Graphic Packaging and RockTenn both saw net incomes fall year-on-year but predicted better times ahead despite tough market conditions.
Graphic Packaging’s Q1 net income fell 35% to US$17.3m (€13.3m) as the company said it was negatively impacted by $10.1m in higher income tax expenses.
RockTenn’s Q2 net profit fell to $31.9m (€24.5m), as $27m was spent on the closure of a containerboard mill in Canada and $8.7m of pre-tax integration and acquisition costs relating to Smurfit Stone.
Graphic Packaging Q1
For Graphic Packaging, net sales increased 6.7% year-on-year due to favourable volume/mix and higher pricing passed onto customers.

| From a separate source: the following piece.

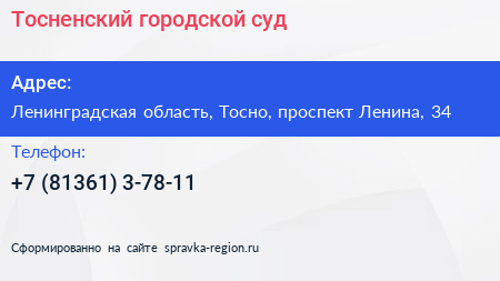 Тосненский городской суд по адресу Ленинградская область, Тосно, проспект Ленина, 34 в дальнейшем Организация, размещена в следующих категориях:

Paperboard packaging sales comprised 82.8% of total first quarter net sales, reflecting higher volumes in food and consumer packaging and inflationary price recovery.
Net sales in the flexible packaging segment increased 17.8% compared to Q1 of 2011 because of the addition of Delta Natural Kraft and Mid-America Packaging in December last year.

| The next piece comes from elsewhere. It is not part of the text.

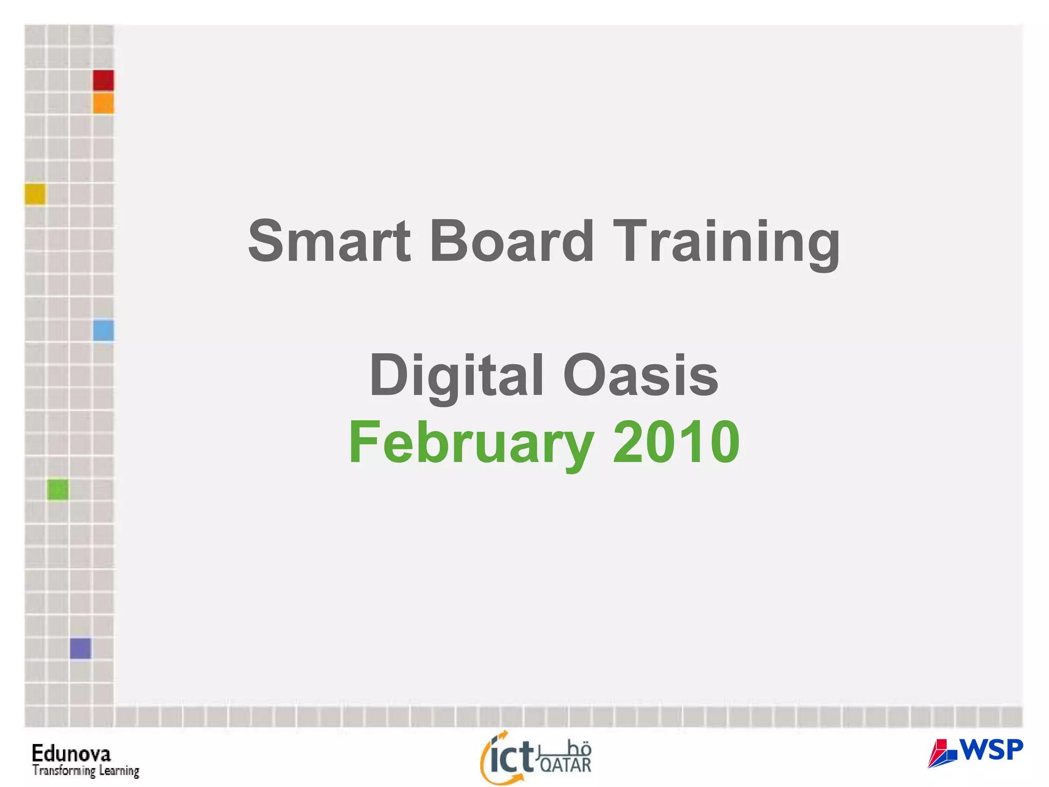 This document provides an overview of training for using an interactive whiteboard. It begins with basic setup and use, including connecting wires, calibration, using pens and erasers, and the toolbar. More advanced topics covered include setting up files and folders, using tools like shapes and attachments, and specific applications for subjects like math. The document recommends practice and references additional online resources and tutorials. It concludes with which teaching standards are addressed through use of the interactive whiteboard.

Graphic Packaging David W. Scheible, president and CEO, said: “Although end-consumer demand remains sluggish, share gains in consumer products along with new product introductions drove increased sales.
“Mill production was significantly higher than a year ago and continuous improvement initiatives focused around energy, fixed costs and operating efficiencies continued to drive lower costs.”

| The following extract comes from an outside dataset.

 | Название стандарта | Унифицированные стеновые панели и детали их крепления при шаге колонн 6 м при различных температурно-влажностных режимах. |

RockTenn reported net income had fallen 14% to $31.9m but net sales for the three months ending 31 March rose by nearly $1.4m because of the Smurfit-Stone takeover last year.
Total segment income was up 75% to $164m, driven by the new business segment.
The recycled fibre business generated low single-digit EBITDA margins, but the company described export and domestic pricing as being at: “historic lows, which compresses the margin opportunities we have in our export business.”
The Smurfit-Stone acquisition resulted in 1.6m tons more containerboard and paperboard being produced but maintenance saw production drop 124,000 tons from last quarter.
Income from corrugated packaging was adjusted to eliminate $6.7m of pre-tax losses at the closed containerboard mill in Quebec, to $75.4m with an EBITDA margin of 11.8% for the second quarter.
The consumer packaging segment income was $84.4m due to increased display sales, higher selling prices, lower fibre and energy costs that were partially offset by higher chemical and freight costs.
Speaking to analysts, James A. Rubright, RockTenn chairman and CEO, said: “The weak market conditions we faced in the maintenance downtime we took in the quarter had the greatest impact on our corrugated segment, where sequential quarter adjusted earnings were down $0.31 per share, and that more than offset the $0.10 per share in other earnings improvements.”